Kevin Schawinski (April 28, 1981 in Zürich) is a Swiss astrophysicist. He was a professor at ETH Zurich (the Swiss Federal Institute of Technology) in Zürich.

Early life 
Kevin Schawinski grew up in both Switzerland and Germany. His father is Swiss media entrepreneur Roger Schawinski.

Education 
Kevin Schawinski graduated from Cornell University in the United States in 2004 with degrees in both physics and mathematics. Following that, he went to the University of Oxford, where he was a fellow at Christ Church College and later the "Henry Skynner Junior Research Fellow" at Balliol College. He was awarded the Royal Astronomical Society's 2008 Michael Penston Prize for his doctoral thesis "The Star Formation History of Early-type Galaxies". He received his D.Phil. in 2008.

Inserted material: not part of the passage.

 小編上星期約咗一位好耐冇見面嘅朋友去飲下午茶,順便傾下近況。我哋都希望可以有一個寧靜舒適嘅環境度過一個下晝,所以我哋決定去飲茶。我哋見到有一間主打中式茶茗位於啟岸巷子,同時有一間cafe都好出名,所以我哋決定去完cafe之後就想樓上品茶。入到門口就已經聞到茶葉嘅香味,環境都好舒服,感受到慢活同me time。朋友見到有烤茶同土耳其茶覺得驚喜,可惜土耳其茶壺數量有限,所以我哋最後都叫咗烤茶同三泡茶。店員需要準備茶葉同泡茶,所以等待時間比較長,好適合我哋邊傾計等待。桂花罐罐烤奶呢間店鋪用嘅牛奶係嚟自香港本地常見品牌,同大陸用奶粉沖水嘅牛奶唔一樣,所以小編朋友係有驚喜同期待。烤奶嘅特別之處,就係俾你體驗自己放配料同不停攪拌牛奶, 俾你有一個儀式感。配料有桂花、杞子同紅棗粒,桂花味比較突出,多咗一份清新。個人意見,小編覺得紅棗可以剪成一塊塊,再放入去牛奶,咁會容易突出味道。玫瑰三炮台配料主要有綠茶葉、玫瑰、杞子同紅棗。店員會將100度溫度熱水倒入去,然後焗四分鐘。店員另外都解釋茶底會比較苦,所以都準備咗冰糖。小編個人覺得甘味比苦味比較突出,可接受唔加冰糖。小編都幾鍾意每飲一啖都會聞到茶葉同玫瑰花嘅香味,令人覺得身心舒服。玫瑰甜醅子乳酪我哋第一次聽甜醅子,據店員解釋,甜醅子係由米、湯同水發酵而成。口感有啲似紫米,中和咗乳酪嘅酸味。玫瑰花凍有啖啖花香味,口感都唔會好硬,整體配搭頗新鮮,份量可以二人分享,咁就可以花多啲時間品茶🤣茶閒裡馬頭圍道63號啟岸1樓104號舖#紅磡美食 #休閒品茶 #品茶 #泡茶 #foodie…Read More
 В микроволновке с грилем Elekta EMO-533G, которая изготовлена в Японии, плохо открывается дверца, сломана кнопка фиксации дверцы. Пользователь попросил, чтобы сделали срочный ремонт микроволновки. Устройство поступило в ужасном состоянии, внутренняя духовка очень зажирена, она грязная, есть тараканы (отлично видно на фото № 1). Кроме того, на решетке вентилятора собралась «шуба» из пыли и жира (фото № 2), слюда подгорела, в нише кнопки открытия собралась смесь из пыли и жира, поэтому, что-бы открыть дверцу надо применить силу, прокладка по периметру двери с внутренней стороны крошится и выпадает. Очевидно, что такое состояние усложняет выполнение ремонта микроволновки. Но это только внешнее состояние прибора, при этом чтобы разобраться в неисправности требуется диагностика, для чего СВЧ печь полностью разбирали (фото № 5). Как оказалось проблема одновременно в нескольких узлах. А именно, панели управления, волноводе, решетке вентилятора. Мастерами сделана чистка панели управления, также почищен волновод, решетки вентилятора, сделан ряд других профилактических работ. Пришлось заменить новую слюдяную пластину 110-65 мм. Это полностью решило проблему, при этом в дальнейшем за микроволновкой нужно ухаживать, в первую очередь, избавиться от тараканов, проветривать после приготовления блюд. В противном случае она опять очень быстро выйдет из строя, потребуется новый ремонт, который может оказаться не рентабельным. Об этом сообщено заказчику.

While a graduate student at Oxford, Schawinski founded the citizen science project Galaxy Zoo along with researcher Chris Lintott, which later became the Zooniverse.

Career
From 2008 to 2012, Schawinski was a postdoctoral research associate at Yale University and in 2009 became a NASA Einstein Fellow.  His research at Yale included studies of black holes, galaxy formation, and co-founding the citizen science project Planet Hunters.

In 2012, he became a professor in the Institute for Astronomy at ETH Zürich in Switzerland. He is the secretary of the Swiss Society of Astrophysics and Astronomy, the professional society of astronomers in Switzerland. The Gottlieb Duttweiler Institute named him one of the "Thought Leaders" of Switzerland in 2016. In 2017, he was awarded the European Astronomical Society's MERAC Prize as the best junior researcher in observational astrophysics. In 2017, he launched the Space.ml platform with Ce Zhang to apply artificial intelligence to astrophysics research.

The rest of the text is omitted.